多细胞动物的每个细胞表达（转录）所有可用基因的一个子集。有些基因在所有细胞中转录，有些在细胞类型的子集中转录，而有些只在单一细胞类型中转录。细胞中正确的基因表达，在发育和分化过程中开启和关闭基因，对于正常的细胞功能、正常的生物体发育和终身健康至关重要。每个细胞的基因表达库是由细胞的身份决定的，并在发育和细胞分化过程中建立。精子是非常特殊的细胞，能够执行几种独特的生物功能，包括使卵子受精。在人类和大多数其他动物中，基因组中所有基因的10-20%只在睾丸中转录，在注定要分化成精子的细胞中转录，这种表达对精子的形成和功能至关重要，因此对正常生殖至关重要。令人惊讶的是，人们对睾丸特异性基因表达的调控因素知之甚少，尽管这对生育能力至关重要。在这个项目中，我们将使用果蝇，黑腹果蝇，来研究睾丸特异性表达基因的转录是如何被激活的。我们之前已经确定了一组蛋白质，它们作为一个复合体一起工作，在靶基因的调控区域与DNA结合，并激活它们的表达。这个复合体中的四种蛋白质包含我们预测直接与DNA结合的区域。我们知道，睾丸特异性基因的起始位点只需要一个非常短的DNA序列区域就能激活它们。然而，当比较受该复合体调控的1000多个基因时，这些短区域的实际DNA序列彼此之间几乎没有相似性。这个复合物是如何识别明显不同的DNA片段，与它们结合，并激活相邻的基因，而忽略了其他DNA位点的？我们将使用一组独立的实验方法，结合相互关联和综合的计算分析来回答这个问题。1)我们将确定我们复合物中每个DNA结合蛋白的DNA序列结合偏好。这将使我们能够看到这些序列在整个基因组中的位置——我们希望它们在睾丸表达基因的位置富集。2)我们将确定基因组中睾丸细胞中每种复杂蛋白的所有位点——我们希望它们在睾丸表达基因的位置富集。3)我们将制造突变版本的蛋白质，这些蛋白质仍然可以对复合体做出贡献，但不能再结合DNA，然后识别在睾丸细胞中发现这些突变蛋白质的基因组中的所有位点，以及这对基因表达的影响-我们预计某些位点的结合会丢失，与这些位点相关的基因将不再表达。4)这些实验的结果将使我们更清楚地了解决定睾丸特异性基因表达以响应我们的蛋白质复合物的生物学规则。为了确定我们是否真的理解了这些规则，我们将测试一组基因控制区域的突变版本的活动，我们预测应该或不应该激活基因表达。5)最后，新进化的基因通常只在睾丸中表达，它们的表达需要我们的调节蛋白复合物。这些基因是如何获得这种表达模式的？我们将通过将我们的复合物引导到基因组的不同区域并评估将其定位到特定区域是否足以激活附近DNA序列的表达来开始测试这一点。

项目成果

Differential gene expression underpinning production of distinct sperm morphs in the wax moth Galleria mellonella.

差异基因表达支撑蜡蛾大蜡螟中不同精子形态的产生。

• DOI: 10.1101/2023.12.13.571524
• 发表时间: 2023
• 作者: Moth E

Emergent dynamics of adult stem cell lineages from single nucleus and single cell RNA-Seq of Drosophila testes.
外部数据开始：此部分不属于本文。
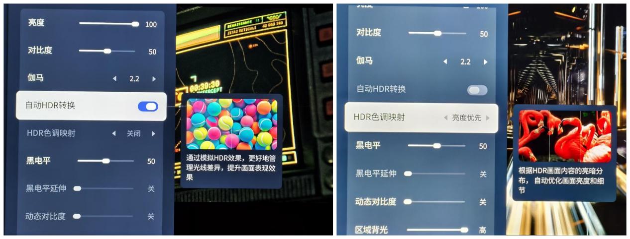软件算法方面,超动态光影仿生算法可以针对不同的影片内容进行优化,让SDR效果接近HDR,而HDR则能够带来更好的效果,从实测画面来看,无论是SDR格式内容还是HDR格式内容,经过算法优化后,其画面的明暗场细节和对比度都有了比较明显的提升,让观影体验更出色。
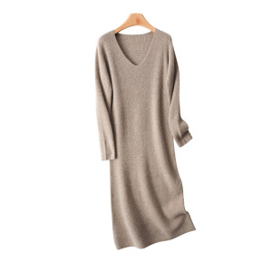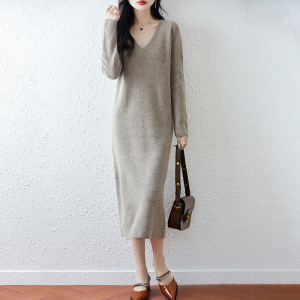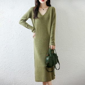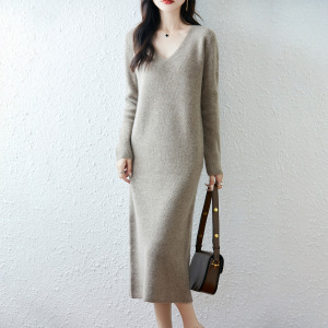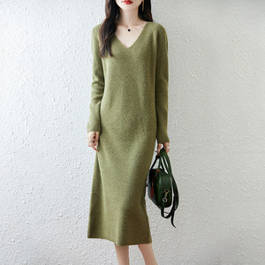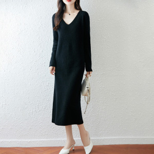 100羊毛连衣裙女秋冬内搭气质显瘦过膝V领毛衣裙简约一步打底裙

• DOI: 10.7554/elife.82201
• 发表时间: 2023-02-16
• 期刊: ELIFE
• 影响因子: 7.7
• 作者: Raz, Amelie A.;Vida, Gabriela S.;Stern, Sarah R.;Mahadevaraju, Sharvani;Fingerhut, Jaclyn M.;Viveiros, Jennifer M.;Pal, Soumitra;Grey, Jasmine R.;Grace, Mara R.;Berry, Cameron W.;Li, Hongjie;Janssens, Jasper;Saelens, Wouter;Shao, Zhantao;Hu, Chun;Yamshita, Yukiko M.;Przytycka, Teresa;Oliver, Brian;Brill, Julie A.;Krause, Henry;Matunis, Erika L.;White-Cooper, Helen;DiNardo, Stephen;Fuller, Margaret T.;Buszczak, Michael
• 通讯作者: Buszczak, Michael

Fly Cell Atlas: A single-nucleus transcriptomic atlas of the adult fruit fly.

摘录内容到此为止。